A heap sort uses a data structure known as a "heap", which, I understand it, is a set of rules such that an array can be evaluated as a tree, where each parent has no more than 2 children. The tree is built top to bottom, left to right. For a min heap, each parent should be smaller than its child. For a max heap, each parent should be larger than its child. The heap outputs the smallest (for a min heap) or largest (max heap) value in the array, without each number having to be compared against every other number.

In [2]:
# Python program for implementation of heap Sort 
  
# To heapify subtree rooted at index i. 
# n is size of heap 
def heapify(arr, n, i): 
    largest = i  # Initialize largest as root 
    l = 2 * i + 1     # left = 2*i + 1 
    r = 2 * i + 2     # right = 2*i + 2 
  
    # See if left child of root exists and is 
    # greater than root 
    if l < n and arr[i] < arr[l]: 
        largest = l 
  
    # See if right child of root exists and is 
    # greater than root 
    if r < n and arr[largest] < arr[r]: 
        largest = r 
  
    # Change root, if needed 
    if largest != i: 
        arr[i],arr[largest] = arr[largest],arr[i]  # swap 
  
        # Heapify the root. 
        heapify(arr, n, largest)

In [3]:
# The main function to sort an array of given size 
def heapSort(arr): 
    n = len(arr) 
  
    # Build a maxheap. 
    # Since last parent will be at ((n//2)-1) we can start at that location. 
    for i in range(n // 2 - 1, -1, -1): 
        heapify(arr, n, i) 
  
    # One by one extract elements 
    for i in range(n-1, 0, -1): 
        arr[i], arr[0] = arr[0], arr[i]   # swap 
        heapify(arr, i, 0) 

In [4]:
# Create our list.
random.seed(a=100)
short_list_heap = list(random.sample(range(1000000), 10))

# Start timer.
start_time = time.time()

# Run our heap sort.
heapSort(short_list_heap)
n = len(short_list_heap) 

# Print sorted array
print ("Sorted array is") 
for i in range(n): 
    print ("%d" %short_list_heap[i])
    
heapsort_time_short = time.time() - start_time

# Print time to show runtime.
print("--- %s seconds ---" % (heapsort_time_short))

Sorted array is
152745
183236
366725
412125
477025
481850
739784
767514
808225
997948
--- 0.0007350444793701172 seconds ---


In [5]:
# Create list.
random.seed(a=100)
long_list_heap = list(random.sample(range(1000000), 10000))

# Start timer.
start_time = time.time()

# Run our heap sort.
heapSort(long_list_heap)
n = len(long_list_heap) 

# Print sorted array
print ("The ten largest numbers of sorted array are") 
print (long_list_heap[-10:])

heapsort_time_long = time.time() - start_time

# Print time to show runtime.
print("--- %s seconds ---" % (heapsort_time_long))
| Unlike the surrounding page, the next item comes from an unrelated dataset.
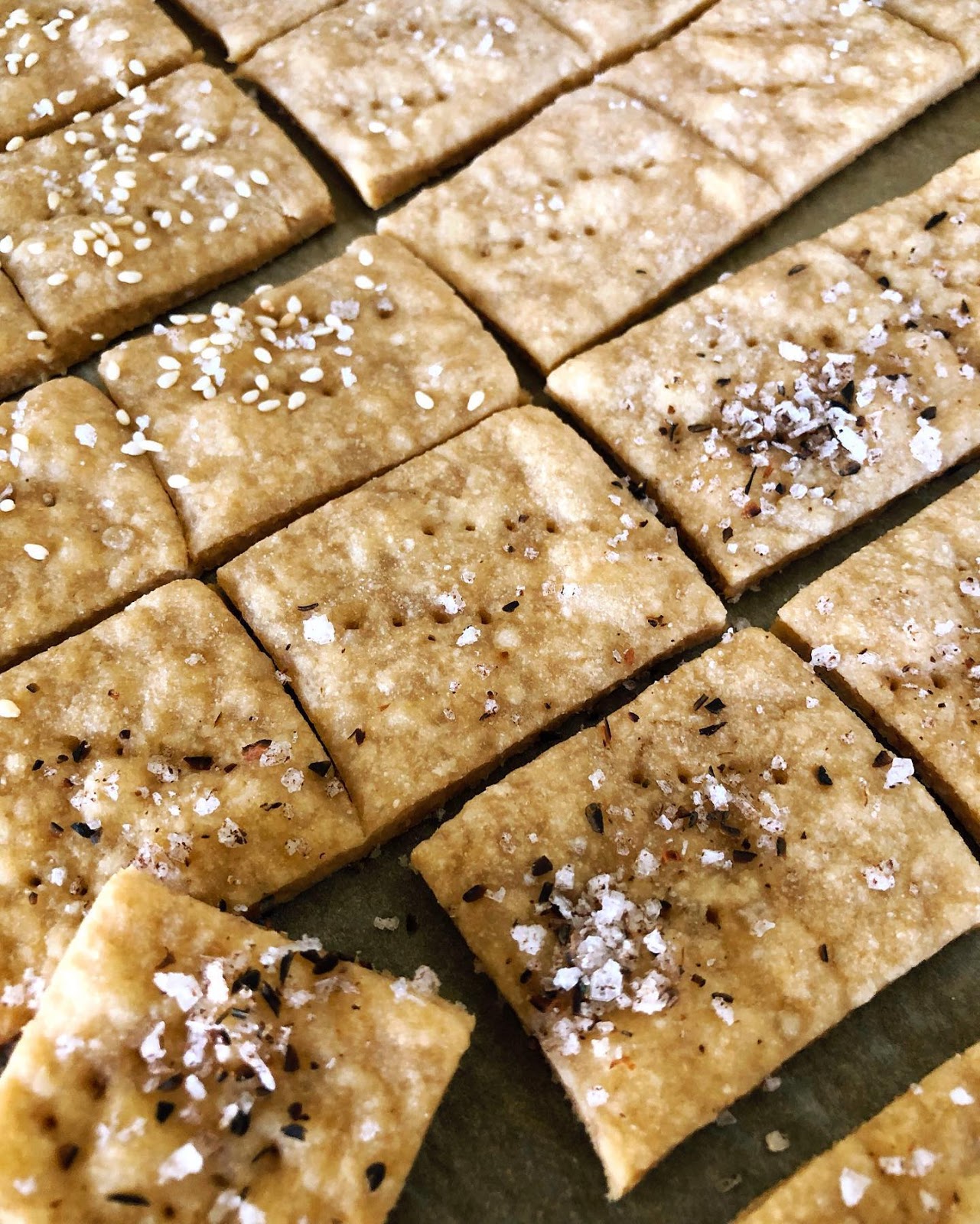 Mix all the ingredients together into a ball of dough. Dust your table surface with a little flour and knead the dough until it’s fairly smooth. Roll the dough flat until it’s only a few millimetres thick (thinner = crunchier). I do this on the back of a baking tray, lined with parchment or greased and dusted. Cut the dough into squares with a knife or pizza cutter, then prick each square with a fork. Drizzle with olive oil and spread the oil gently with a pastry brush. Sprinkle whatever flavours you’d like on top - things like sea salt, sesame seeds, seaweed salt, herbs like rosemary are all great. Bake at 180 degrees for 25 minutes. Let cool and eat with your favourite cheese or dip, or just as they are!

The ten largest numbers of sorted array are
[999122, 999179, 999240, 999247, 999343, 999409, 999412, 999430, 999752, 999886]
--- 0.07413315773010254 seconds ---


**SELECTION SORT**

The code for the selection sort was acquired from the GeeksForGeeks page here:
https://www.geeksforgeeks.org/python-program-for-selection-sort/

A selection sort has a variable "min_idx" that stores the index of the lowest number in the array. Min_idx is initialized at index i (starting with the first number in the array). The algorithm then compares the value in each subsequent index j with the value at index i. If the value at index i is smaller than the value at index j, min_idx remains i. If the value at index j is smaller than the value at index i, min_idx updates to contain index j. After the algorithm has compared every value in the array to the value at index i, the algorithm replaces the value at index i with the value at index j, and replaces the value at index j with the value at index i (AKA a swap). The variable then updates to the next index in the array and the comparison is repeated for all values in the array.

In [6]:
# Traverse through all array elements 
def selectionSort(arr): 
    n = len(arr) 

    for i in range(len(arr)): 

        # Find the minimum element in remaining  
        # unsorted array 
        min_idx = i 
        for j in range(i+1, len(arr)): 
            if arr[min_idx] > arr[j]: 
                min_idx = j 

        # Swap the found minimum element with  
        # the first element         
        arr[i], arr[min_idx] = arr[min_idx], arr[i] 

In [7]:
# Create our list.
random.seed(a=100)
short_list_selection = list(random.sample(range(1000000), 10))

# Start timer.
start_time = time.time()

# Run our selection sort.
selectionSort(short_list_selection)
n = len(short_list_selection) 

# Print sorted array
print ("Sorted array is") 
for i in range(n): 
    print ("%d" %short_list_selection[i])
    
selectionsort_time_short = time.time() - start_time

# Print time to show runtime.
print("--- %s seconds ---" % (selectionsort_time_short))

Sorted array is
152745
183236
366725
412125
477025
481850
739784
767514
808225
997948
--- 0.0014400482177734375 seconds ---


In [8]:
# Create list.
random.seed(a=100)
long_list_selection = list(random.sample(range(1000000), 10000))

# Start timer.
start_time = time.time()

# Run our selection sort.
selectionSort(long_list_selection)
n = len(long_list_selection) 

# Print sorted array
print ("The ten largest numbers of sorted array are") 
print (long_list_selection[-10:])

selectionsort_time_long = time.time() - start_time

# Print time to show runtime.
print("--- %s seconds ---" % (selectionsort_time_long))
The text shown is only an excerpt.